The school was established as a coeducational institution, and residences are shared by male and female alike, although they live on separate floors.

The educational programming of the YLC continues to provide Arabic instruction as the YCMES prepares for its inaugural semester in Fall 2008.

== Location ==
Yemen is a traditional Middle Eastern country located on the southwest corner of the Arabian Peninsula. Compared to other Arabic-speaking countries, Yemen has one of the lowest-percentages of English speakers. This lack foreign language fluency by the native Yemenis, paired with the fact that the Arabic spoken in Yemen is conservative and close to the formal dialect, provides a location for studying Arabic.

YCMES is located on the 26 September Street, close to the Yemeni Parliament building, a short walk from Tahrir Square, the transportation hub of Sanaa.

== Facilities ==
The YCMES owns three buildings used for housing. The 26th of September Dormitory, and the Guest House are located near the Main College Building on 26 September. The Bab al-Sabah dormitory is located in the Old City.

===The Markez: 26 September Dormitory===
The six-story 26 September Dormitory is composed of two buildings connected by a small, enclosed bridge (referred to as the YCMES’ own "Shahara Bridge"). It contains over 30 dormitory rooms, accommodating up to 90 students in singles to quintuples. Shared bathrooms are on each floor as well as communal kitchens on the first and top floors.

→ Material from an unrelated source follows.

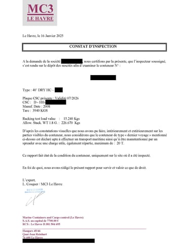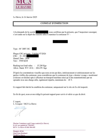 Tous nos conteneurs sont conformes aux normes CSC. Ce certificat atteste que chaque conteneur est apte au transport maritime et à être manipulé par un spreader avec une charge utile maximale de 20 tonnes, répartie de manière équilibrée.

===Bab Al-Sabah Dormitory===
The Bab Al-Sabah dormitory is located in the old Goldseller’s District on the edge of the Old City. It has a traditional Yemeni exterior. The house contains ten rooms accommodating up to 25 students in singles and shared rooms.

===Guest House===
The Guest House is located down the street from the 26th of September Dormitory and is used for housing professors, senior students, and other visitors.

==Academic Facilities==

The newest addition to the YCMES campus, the Main College Building, is located next to the Prime Minister’s office. This is the largest site owned by the college, and includes a garden acting as the YCMES “quad.” The administrative part of the building contains offices for the president, deans, financial officers, program officers, and other administrators.

===Library===
The new Yemen College of Middle Eastern Studies library houses a substantial collection of Arabic-language reference works, with a particular focus on history and geography of the Middle East, and a growing collection of English-language texts on the history and politics of the contemporary Middle East. The collection is valuable to Arabic language students as it contains a variety of Arab-language textbooks, short stories, children’s books, periodicals and magazines. The collection’s open stacks are searchable via an online public access catalogue, and the YCMES is currently developing an interlibrary loan system in collaboration with the French Institute and the American Institute of Yemeni Studies’ libraries, both of which specialize in Yemeni and Arabian Peninsula social sciences, history, and archaeology.